Heard the learned counsel Sri Kshitij Shailendra on behalf of the petitioners and the learned AGA on behalf of the State and also perused the entire record including the impugned orders.
The central hub of the submission made by the counsel is that the act of recording evidence that has been done by the trial court was performed before a different Presiding Officer and not the same who is at present seized with the jurisdiction of the trial. The attention of the Court has been drawn on Section 326 (3) Cr.P.C. which carves out an exception to the preceding sub section and in clear terms intends to oust the jurisdiction of the subsequent presiding officers to decide the cases in which the evidence has already been recorded by their predecessors. The contention is that Section 326 of the Criminal Procedure Code though in general validates the legality of the evidence recorded by the predecessor judges or judicial officers and recognizes its evidentiary value and it is not at all needed that the succeeding judicial officers should again undertake the exercise to recall the witnesses and again record their evidence but, according to the counsel, the trial which takes place in a summary manner or the trial where the procedure of summary trial provided under the Criminal Procedure Code is adopted, then such general provision shall not apply and in the statute itself sub-clause (3) to Section 326 has been provided as an exception. It has also been argued that Section 143 (1) of the Negotiable Instruments Act also makes it clear that the trial of the petitioners shall be presumed to have taken place as a summary trial and, therefore, all the evidence which is finding its place on the records and was recorded by the preceeding judicial officers shall lose its evidenciary value and cannot be acted upon by the succeeding judicial officer who is at present incharge of the case.
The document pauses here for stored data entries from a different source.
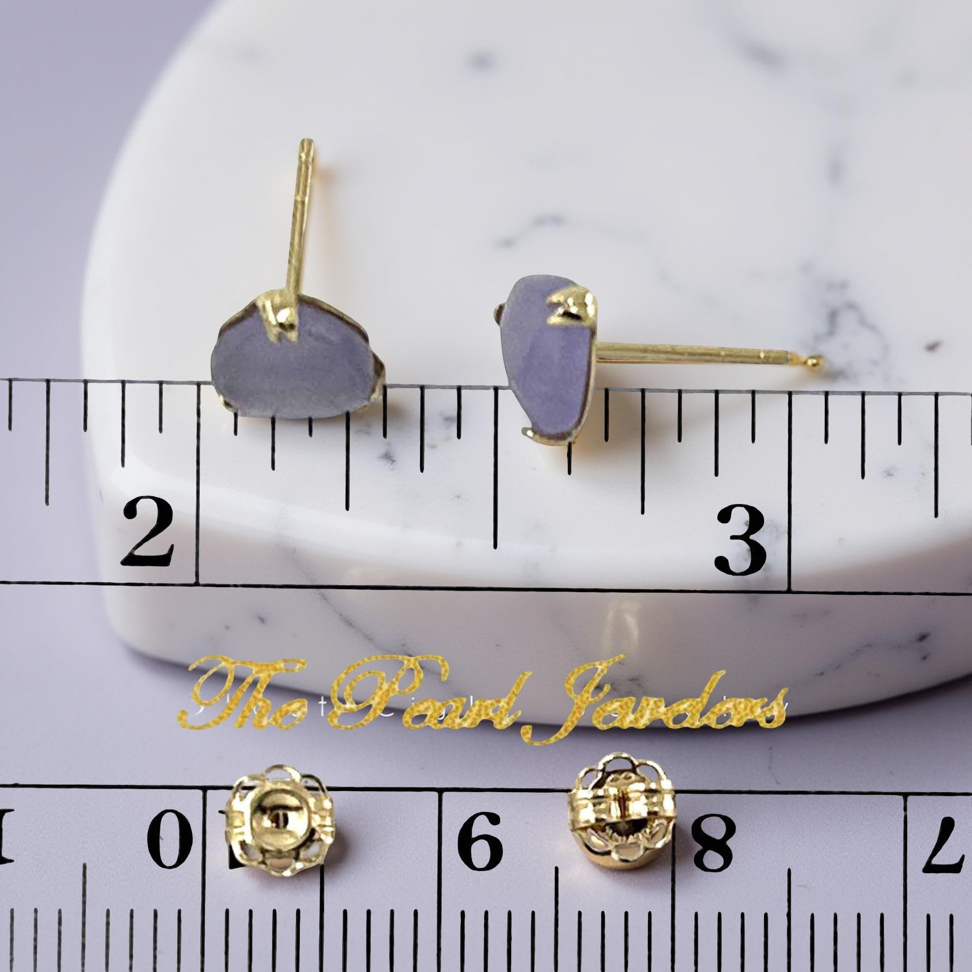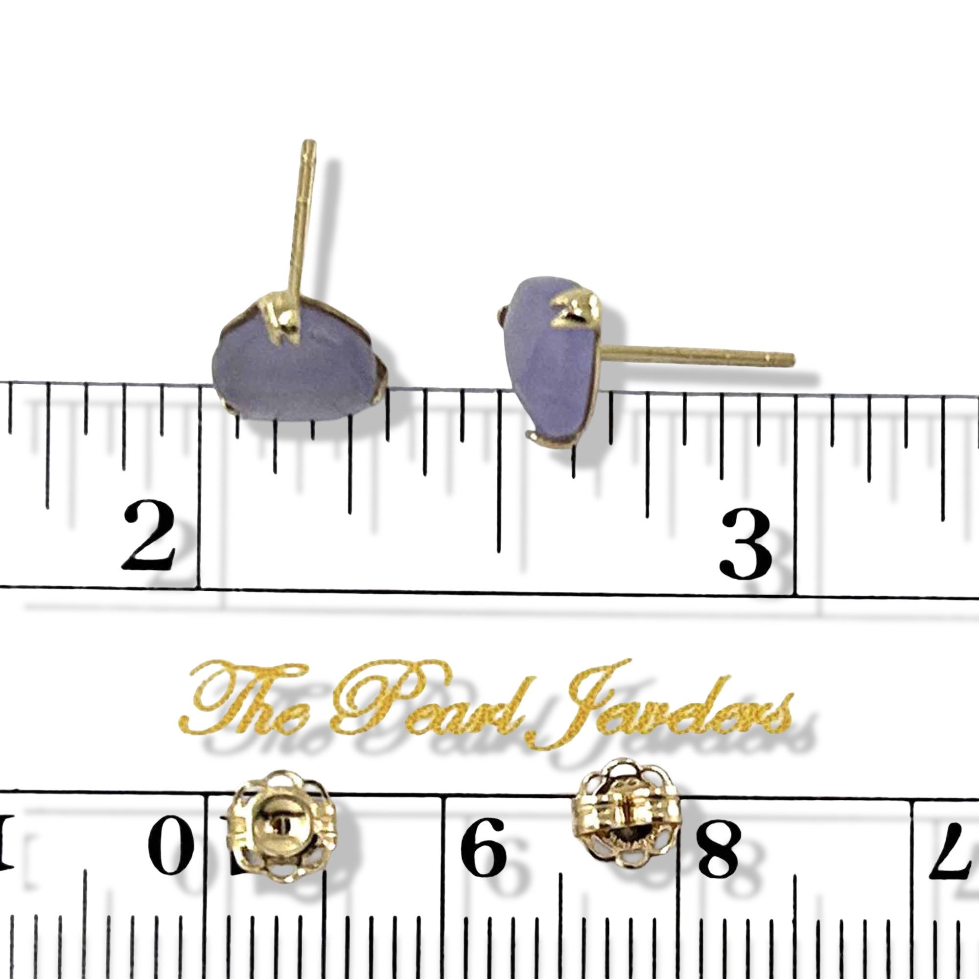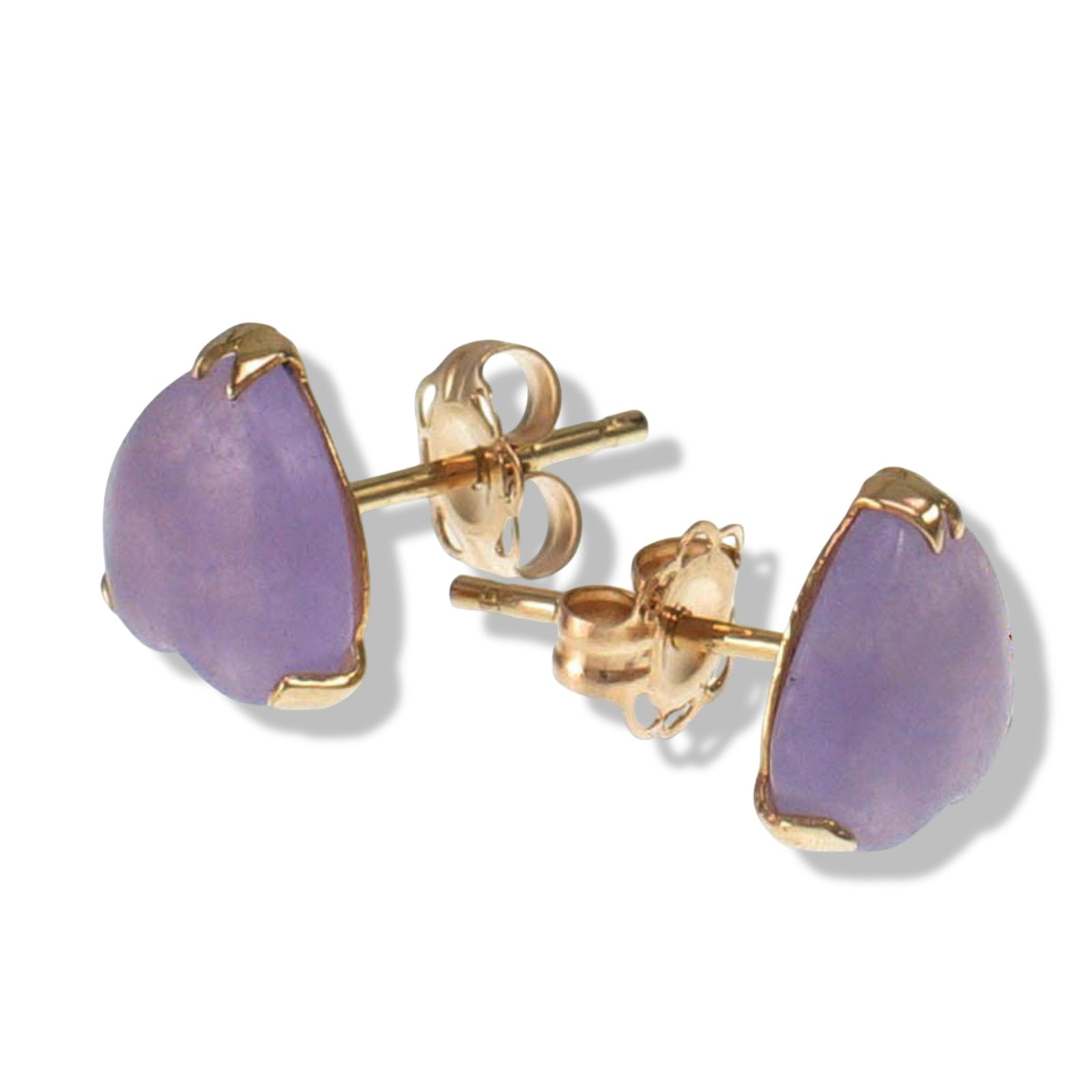 These lovely 14K yellow gold earrings feature a heart-shaped lavender jade stone, adding a touch of romance and elegance, designed for comfort and dependable daily wear.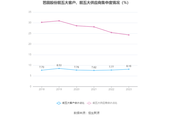 报告期内,公司前五大客户合计销售金额2.65亿元,占总销售金额比例为8.16%,公司前五名供应商合计采购金额5.61亿元,占年度采购总额比例为24.31%。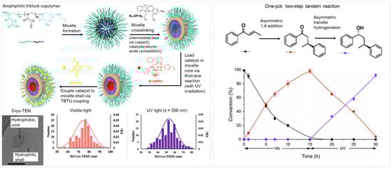Similar to small-molecule surfactant micelles, a hydrophobic polymer micelle core can enhance the solubility of organic compounds in water. The high local concentration in the core, for example, can enhance reaction rates. Additionally, the hydrophobic polymer core limits water, which increases the stability of substrates sensitive to hydrolysis. Because the polymeric nanoreactors are stable (compared to small-molecule micelles), the catalyst can be recovered following the reaction by precipitation or ultrafiltration methods. Through selection of the chemical moieties on the polymer, the selectivity can be modified based on non-covalent core-substrate interactions, e.g., hydrogen bonding [78]. Tools in polymer chemistry provide a platform to impart block copolymer micelles with unique properties, e.g., selective crosslinking to impart mechanical stability for reuse, stimuli-responsive components (e.g., pH and temperature), and the ability to incorporate a range of catalysts, such as organocatalysts, metal nanoparticles, and metal complexes [8,79].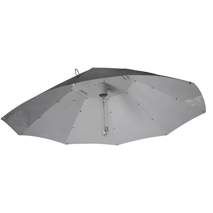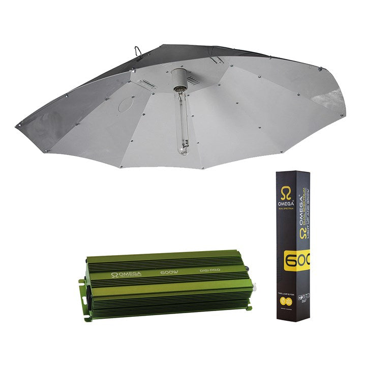 Maximise yields with Omega Vertical Parabolic Light Kit Omega Lighting Kits are regarded as the best on the market and excellent value for money.This combination package offers the user a high-performance and cost-effective lighting system. Included in the Omega Vertical Parabolic Light Kit is a high quality 600W Digi-Pro Digital Dimmable Ballast 600W Ballast, an open-ended highly polished, and lightweight Vertical Parabolic Reflector which gives an efficient and even distribution of light, as well as a high-quality 600W Dual Spectrum Lamp. Omega 600W Digi-Pro Digital Dimmable Ballast The Omega Digi-Pro 600W Dimmable Digital Ballast is the professionals choice for maximising crop growth. Omega Lightings state of the art Ballasts are ideal for powering HID lamps. They offer the user the ability to control power output to the bulb which not only protects the lifetime of the bulb, it also helps to reduce growing costs. Omega Lightings precisionengineered lamps provide anoptically superior product.Beam patterns are smootherwith striations and hot spotssignificantly reduced. Not onlyare they an energy-efficient butthey are tuned and optimisedto create a higher PAR output. Omega Lightings advancedsuper-lumen technology produces additional wattagefrom the bulb. This increasedoutput does not affect thelifespan of the bulb. The Omega Digi-Pro 600W Dimmable Digital Ballast features a unique 4-setting control which offers dimming options of 250W, 400W, 600W and a super-lumen setting of 660W. Omega 600W Dual Spectrum Lamp Omega Lighting has designed and manufactured Omega Dual Spectrum Lamps with the grower specifically in mind. Omega Lighting's advanced lamp technology features two ceramic tubes which are designed specifically to optimise light output, achieving more usable light energy, providing longer-lasting performance with consistent lumen output. By combining the latest lighting technology with our own experience, Omega Lighting Dual Spectrum Lamps are specifically designed to suit each unique stage of a plants growth. Omega Lightings technically advanced lamps feature two ceramic tubes which are designed to optimise light output. This, in turn, achieves more usable light energy, providing longer-lasting performance with consistent lumen output. The dynamics of the tube allows for heat reduction without impacting upon the lifespan of the lamp. This results in a lower grow temperature that contributes to increased plant yield. 95,000 Lumens output. A lifetime of 24,000 hours. ?? Omega Vertical Parabolic Reflectors Ideal for providing maximum and even light-coverage whilst avoiding unwanted hot spots. The Vertical Parabolic Reflector is excellent for larger growing areas and covers a wide swatch from low mounting heights. Omegas Parabolic Reflector features a wide-angled parabolic shape that can be mounted closer to plants thus increasing light levels. The large umbrella-shaped reflector is constructed from stucco galvanised reflective aluminium. The Vertical Parabolic Reflector is an excellent product for larger grow areas, supplied flat packed and easy to assemble.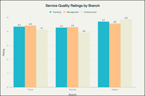 · Infrastructure: Significant variation observed, with Borivali showing concerns at 3.91 while Kalyan excels at 4.86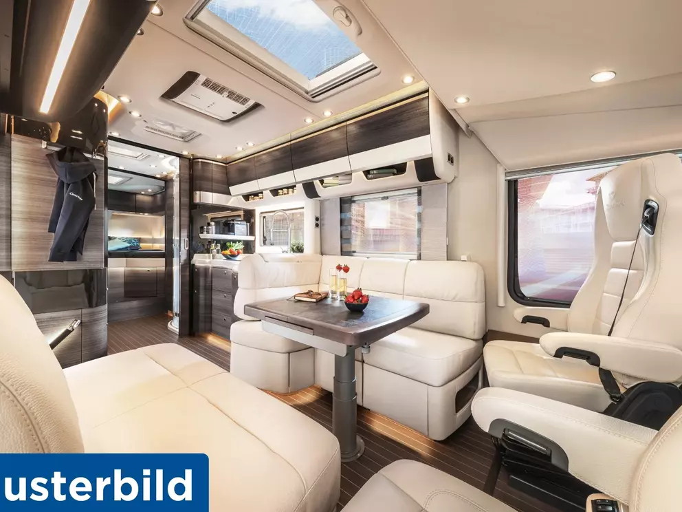 -Designpaket EDITION 70 Charisma: Außen mit doppelt-verglasten, seitlichen Echtglasfenstern (getönt in Wohn- und Schlafraum) und hochwertiger, gebürsteter Metallicfolie im "Centurion Style-Design" außen inkl. graphitgraumen Speer. Design-Paket EDITION 70 Charisma: Innen mit Möbelbau in Atlas Zeder und exklusiven Dachschrank-Möbelfronten im Wohnraum in 2/3 Zeder und 1/3 Sensosan creme-weiß mit Griffleisten in Edelstahl-Optik, Jalousien im Wohnraum in Holzoptik und Objektbodenbelag Soft-Walk im Yacht-Style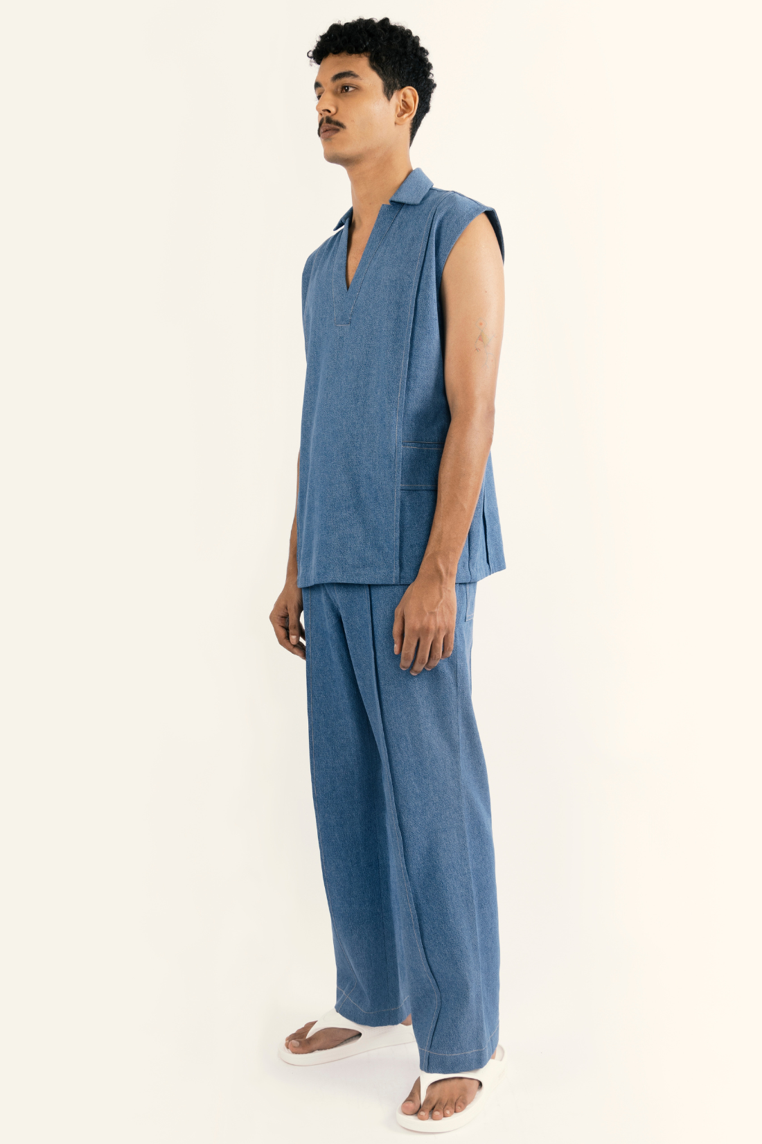 generous collar - broad placket - front and back side pleats - two front pockets - contrast top stitch detail - regular fit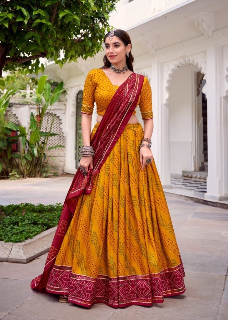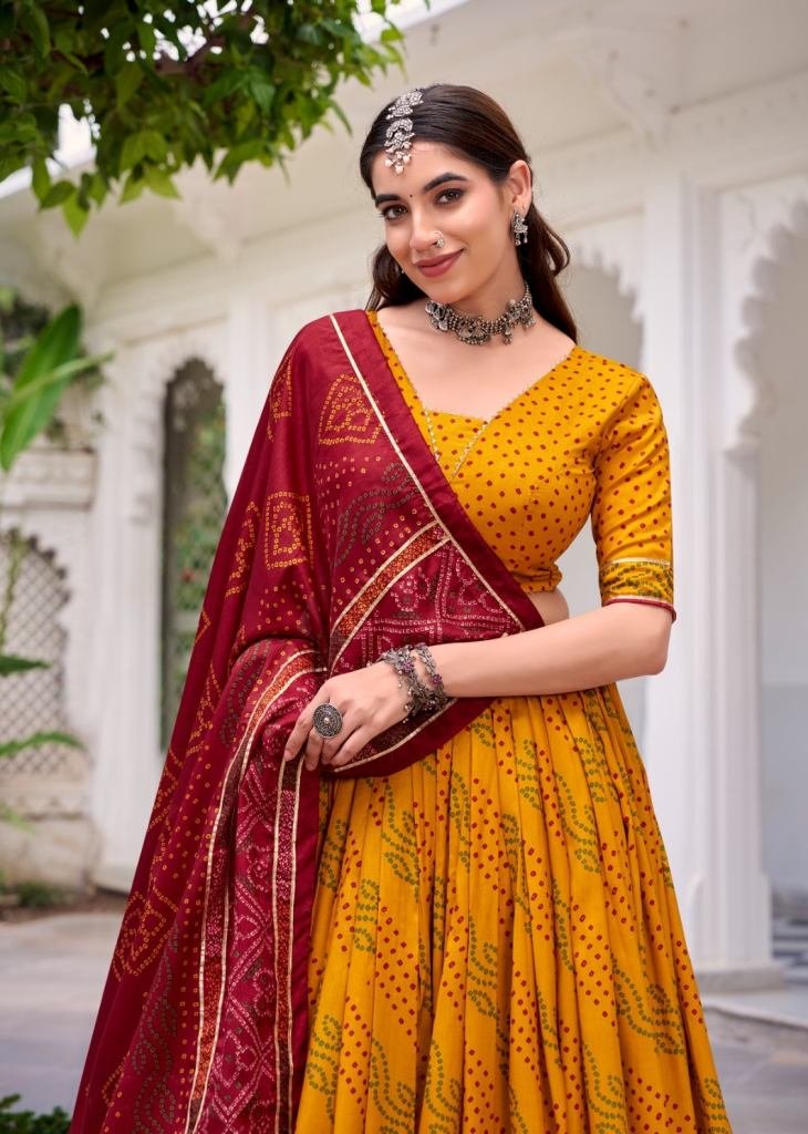 | NAME : | Lfh Lnb Classic Tussar Silk Bandhej Lehenga Choli Enhanced With Gotta Patti Lace Mustard yellow Color DN 1250 |
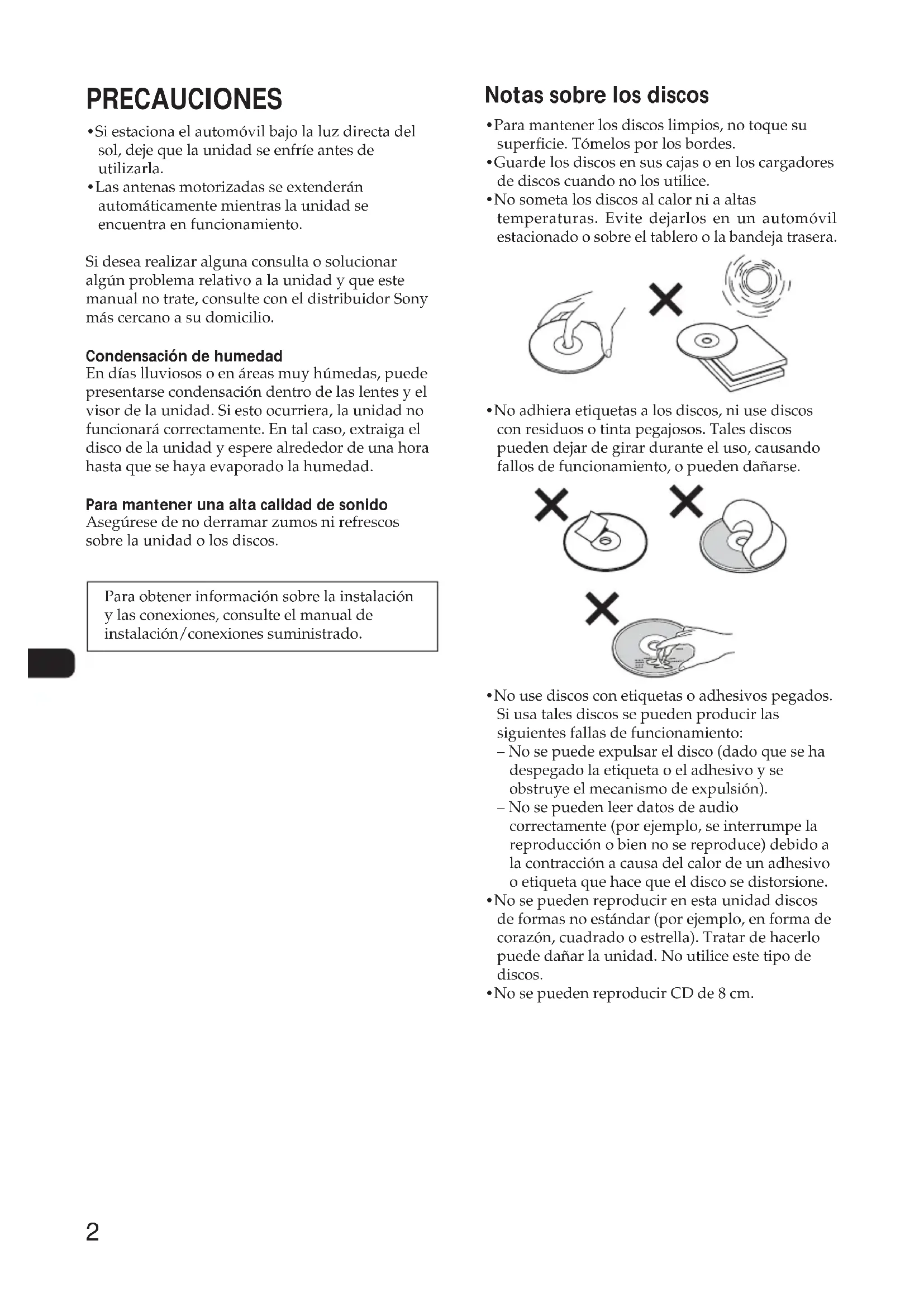 - No someta los discos al calor ni a altas temperaturas. Evite dejarlos en un automóvil estacionado o sobre el tablero o la bandeja trasera.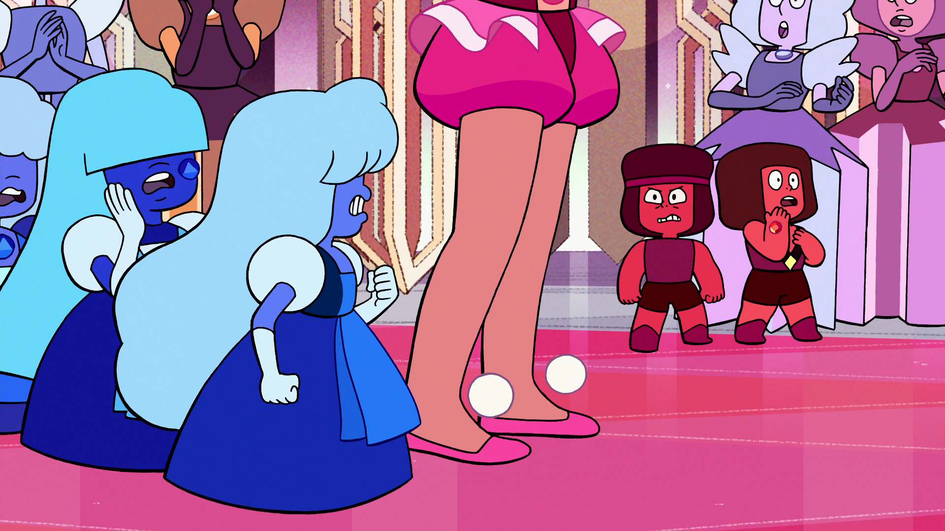 Ruby and Sapphire are forced to split in order to attend the Era 3 Ball, so Ruby attends with the other Rubies, and Sapphire with the Sapphires. However, when Steven accidentally fuses with Connie, much to the outrage of the Diamonds, the two fuse again, becoming Garnet and defending Steven. They are immediately poofed by Yellow Diamond's electrokinesis.

Learned AGA in rebuttal has submitted that it transpires from the record that the case was never tried in a summary manner and a different procedure was adopted in the matter. Therefore, in such a situation the second proviso of Section 143 (1) of the Negotiable Instruments Act shall come into operation and the ouster of jurisdiction provided in Section 326 (3) Cr.P.C. shall have no application. As such, the contention of the learned A.G.A. is, that the admissibility of the evidence on record shall remain intact and unaffected.
I had occasion to peruse the impugned orders and it is very much clear that the same objection was also raised before the courts below. The initial order passed by the Judicial Magistrate itself reveals that the trial had taken place as a summon trial. The trial court itself has given its finding that the court was not proceeding in the matter as a summary trial and was not adopting the same procedure.
The revisional court also has looked into this matter and has held that in the matter at hand the procedure of the summon case had been adopted and the case had not been tried summarily at all. Therefore the objection taken up by the counsel was found to have lost its gloss and was also held to be inapplicable. The Court of revision has in a very succinct manner dealt with the entire matter on the point of law and after a very careful analysis of facts and the relevant case law cited before it, by way of a very well reasoned order has distinguished the aforesaid provisions relied upon by the revisionist's counsel in the perspective of the facts of the case and has rightly found them to be inapplicable.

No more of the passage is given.